Single nucleotide polymorphism and expression of P16 gene as a potential biomarker for oral and pre-oral cancer

Kumud Nigam  1 Yogendra Verma  2 Manish Raj Kulshrestha  3 Aditi Singh  1 Somali Sanyal  4
Affiliations

Single nucleotide polymorphism and expression of P16 gene as a potential biomarker for oral and pre-oral cancer

Kumud Nigam et al. Discov Oncol. .

Abstract

Objective: This study investigated the association between p16 gene and its 450 C > G (rs11515) polymorphism with risk of oral cancer and precancerous oral lesions/oral potentially malignant disorder (OPMD).

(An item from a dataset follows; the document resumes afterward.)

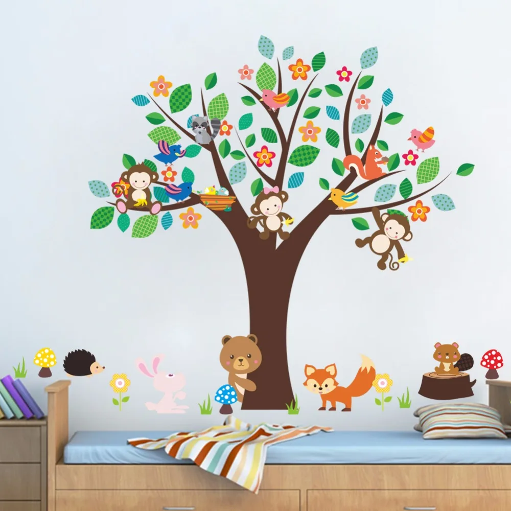 Лесные животные дерево наклейки на стену для детской комнаты Обезьяна Сова джунгли дикая Наклейка на стену детская спальня декор плакат на стену 1 шт.

Method: The study included 230 individuals with OPMD conditions (70 with leukoplakia, 90 with oral submucous fibrosis, and 70 with lichen planus), 72 oral cancer patients, and 300 cancer-free healthy controls. Genotyping of the p16 450 C > G polymorphism was conducted using PCR-RFLP methods, and genotype and allele frequencies were analyzed using chi-square test. Additionally, p16 gene expression levels were measured using RT-PCR among oral cancer patients, those with OPMD, and healthy controls. RNA fold was used to calculate the MFE of p16 mRNA.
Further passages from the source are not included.